Passion Driven Statistics – Coursera

The association between the measure of diameter and depth among craters with or without layers.

The association between the measure of diameter and depth among craters with or without layers

Introduction

The study about properties of craters on Mars, created by Stuart Robbins (2011), can allow us to understand crustal properties, surface ages and modification events.

This project is based on a subset of the Robbins Crater Database with  384343 craters. In our project, we studied about 2 main problems:

  • The association between the size of craters (diameter) with depths and number of layers. The craters’ diameters can be larger when the craters have a large number of layers.
  • The depth of craters with layers can have more effect on the diameters than the craters without layers.

We think that a large crater should have high number of layers, therefore they can have a higher depth and also make their diameter bigger. These association effects can be stronger when the number of layers is higher.

Research Question

With that thought in mind, we propose the following 2 questions that could help us to have a better understanding about craters’ properties.

  1.  Is number of layers associated with the measure of diameters among craters on Mars?
  2.  Is the association between the depth and diameters simillar for all craters with or without layers?

Methods

Sample

There are 384343 observations in which 364612 craters (94.8%) have no layers and the others are 19731 (5.2%), were from the Mars Study database.

The Mars Study, is researched by Stuart Robbins, presents a sample of Mars’ craters with their physics properties (e.g. location on Mars, size and depth, 3 kinds of ejecta morpholophy, number of layers).

Measure

Each of craters has Crater_ID which is identified internally based upon the region of the planet. Craters size are shown by DIAM_CIRCLE_IMAGE variables (units are km) which is the measurement of diameter of a non-linear least-squares circle fit to selected vertices on craters rim.

DEPTH_RIMFLOOR_TOPOG is calculated by taking average elevation of the determined N points along (or inside) the crater rim (units are km).

NUMBER_OF_LAYERS is determined by the maximum number of cohesivelayer in any azimuthal direction. There are 6 levels of number of layers (from 0 to 5). The new Layer category variable is symboled as 0 if the craters have 0 number of layers (called craters without layers) and 1 if the craters have more than 1 number of layers (called craters with layers).

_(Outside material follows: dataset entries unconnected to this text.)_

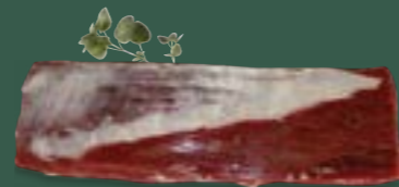
ARTIKEL: NORLAND Färse Filet Mittelstück ARTIKELNUMMER: 69977149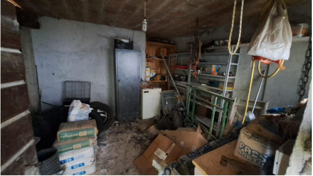
Locale ad uso cantina al piano terra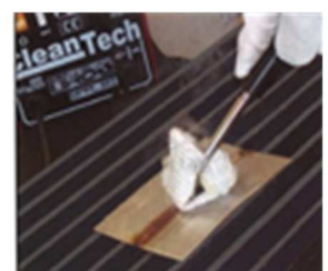
Reinigen der Schweißnaht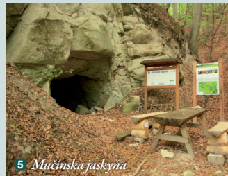
5 Mučinská jaskyňa

Na Slovensku sa geopark rozprestiera na území okresov Lučenec (mesto Filakovo a obce: Belina, Biskupice, Čakanovce, Čamovce, Filakovské Kováče, Lipovany, Kalonda, Mučín, Pleš, Prša, Radzovce, Rapovce, Ratka, Šiatorská Bukovinka, Šurice, Šíd, Trebelovce) a Rimavská Sobota (obce: Blhovce, Dubno, Gemerský Jablonec, Hajnáčka, Nová Bašta, Petrovce, Stará Bašta, Studená, Tajchy, Večelkov), kde sa nachádza spolu 53 lokalít: geologická lokalita (15), kultúrno-historická (11), montanistická (3), archeologická (3), prírodná (2), oddychová (1), zmiešaná (18) geologická a montanistická (9), geologická a prírodná (6), geologická, prírodná a archeologická (2), geologická,

In this study, to make it easier in analyzing data, the DIAM_CIRCLE_IMAGE variable is divided into 4 categories and each category has the same number of craters. The new variable DIAM is set values:

DIAM=1 if DIAM_CIRCLE_IMAGE  less than 1.18

DIAM=2 if DIAM_CIRCLE_IMAGE from 1.18 to 1.55

DIAM=3 if DIAM_CIRCLE_IMAGE from 1.55 to 2.55

DIAM=2 if DIAM_CIRCLE_IMAGE greater than 2.55

  • Procedures

The project is analyzed by SAS program version 4.3. The source code is presented later in SAS program post. 

Results

Univariate:  

There are 75% craters’ diameters less than 2.5 km. The mean of diameter (3.5 km) is greater than the median (1.5 km) and the standard deviation is 8.6 km. Therefore, most of craters have small diameters while there are some outliers have significant higher values up to 1164 km.

image

Univariate result for diameter

In general, the depth of craters is almost small with 99% less than 1 km. The maximum value of depth is 4.95 and the minimum is -0.42.

image

Univariate Result for Depth

The diam variable has 4 categories, each of them has nearly the same number of craters.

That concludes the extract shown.